Петроград жил в какой-то странной атмосфере радости, страха и повального пьянства. Все видные государственные деятели прежнего режима находились под арестом, газеты увенчивали лавровыми венками революцию. Слово «Свобода!» теперь звучало повсюду не как благородный призыв, а как прямая угроза! На улицах — полным-полно бандитских рож, солдат, дезертировавших из своих полков, уволенных рабочих, крикливых баб, — все они продавали и с удовольствием покупали листовки с карикатурами на царя. Самые скабрезные, смачные, глупейшие шутки вызывали взрывы смеха у этой толпы, такой грубой и невежественной, что только различного рода безумства могли вывести ее из состояния апатии.
Перепуганные мешане и дворяне, опасаясь, как бы их не раздели прямо на улице, прижимались к стенам, и, совершив перебежку из магазина и обратно домой, чтобы не умереть с голоду, тут же возвращались в свои красивые особняки и пропадали в их глубинах, чтобы их больше никто не видел.
На улицах Петрограда практически нельзя было встретить ни одного полицейского. Брошенный на произвол судьбы город напоминал собой свалку мусора. Домашние слуги убегали со своего места работы, чтобы вступить в революционные комитеты, в которых накапливались жалобы и угрозы против государя с государыней. В Царском Селе Александровский дворец нельзя было узнать. Двор разбежался, некоторых придворных арестовали. Другие находились уже далеко. По широким коридорам, по которым ранее неслышно ступали по мягким, пушистым коврам, слонялась солдатня в грязных сапогах, в расстегнутых гимнастерках, в фуражках, съехавших набекрень, — небритые, неряшливые, шумливые, они почти все были пьяными. Они бесцельно шатались по дворцу и днем и ночью, бесцеремонно заглядывая в комнаты. О какой верности бывшей императрице могла идти речь!

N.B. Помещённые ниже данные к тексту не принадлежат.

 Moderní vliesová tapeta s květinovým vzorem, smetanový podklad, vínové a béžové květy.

Граф Апраксин, долгие годы бывший гофмейстером императрицы, под каким-то благовидным предлогом исчез на следующий день после возвращения Николая. Нигде нельзя было найти ни графа Граббе, ни генерала Нарышкина, главы военного кабинета императора. Он так ни разу и не пришел навестить императора. Саблин, любимый адъютант, тот самый, которого вся семья считала своим настоящим другом, Саблин, осыпанный милостями и такими почестями, которые вызывали громадную зависть у его сослуживцев, тут же повернулся к своим благодетелям спиной. Граф Гендриков, бывший вице-губернатор Орла, тоже заявил о своей лояльности Временному правительству. Но глава нового правительства князь Львов отказывался от его услуг. В отличие от этого высокопоставленного государственного чиновника, его сестра, фрейлина императрицы Наталья Гендрикова поступила иначе, — она решила до конца раз- делиты^удьбу государя с государыней и последует за ними не только в ссылку, но и вместе с ними примет смерть.

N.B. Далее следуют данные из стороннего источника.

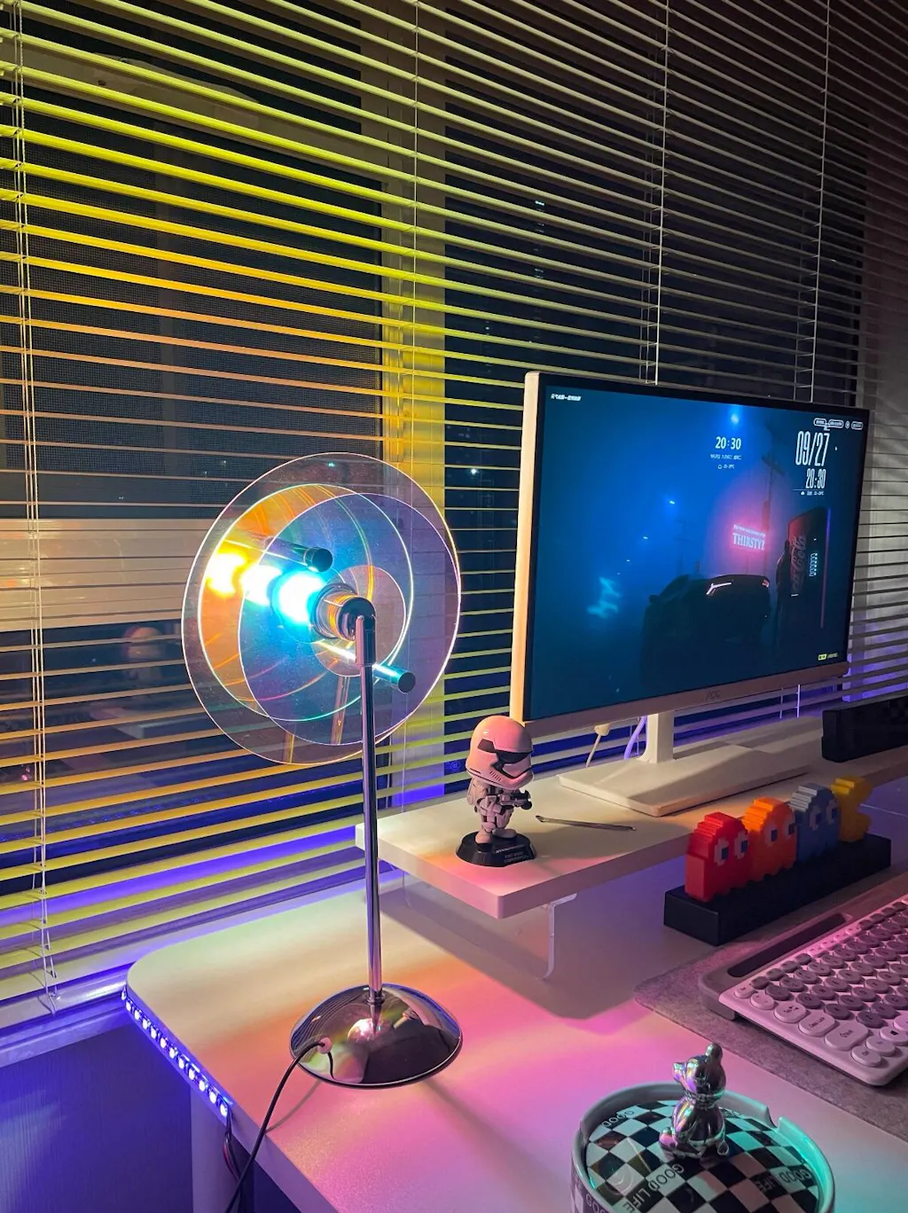 For city-night interiors, vintage posters, checkerboard accents, chrome details, and that “styled corner” look. This retro aura table lamp creates mood lighting that feels nostalgic yet fresh.

Император, несмотря на столько испытываемых неудобств, дезертирств, измен, все же ухитрялся сохранять свою мягкость.
Все же несколько верных слуг оставались с ним рядом. Но среди них не было тех, к кому он был больше всего благосклонен и расположен, и разумеется, мог бы рассчитывать на их поддержку.
Милейший князь Долгорукий, граф Татищев хотели только одного — оставаться со своими хозяевами, и когда им предложили свободу, они с презрением от нее отказались, заявив, что предпочитают разделить судьбу тех, кому они верой и правдой служили и кого любили.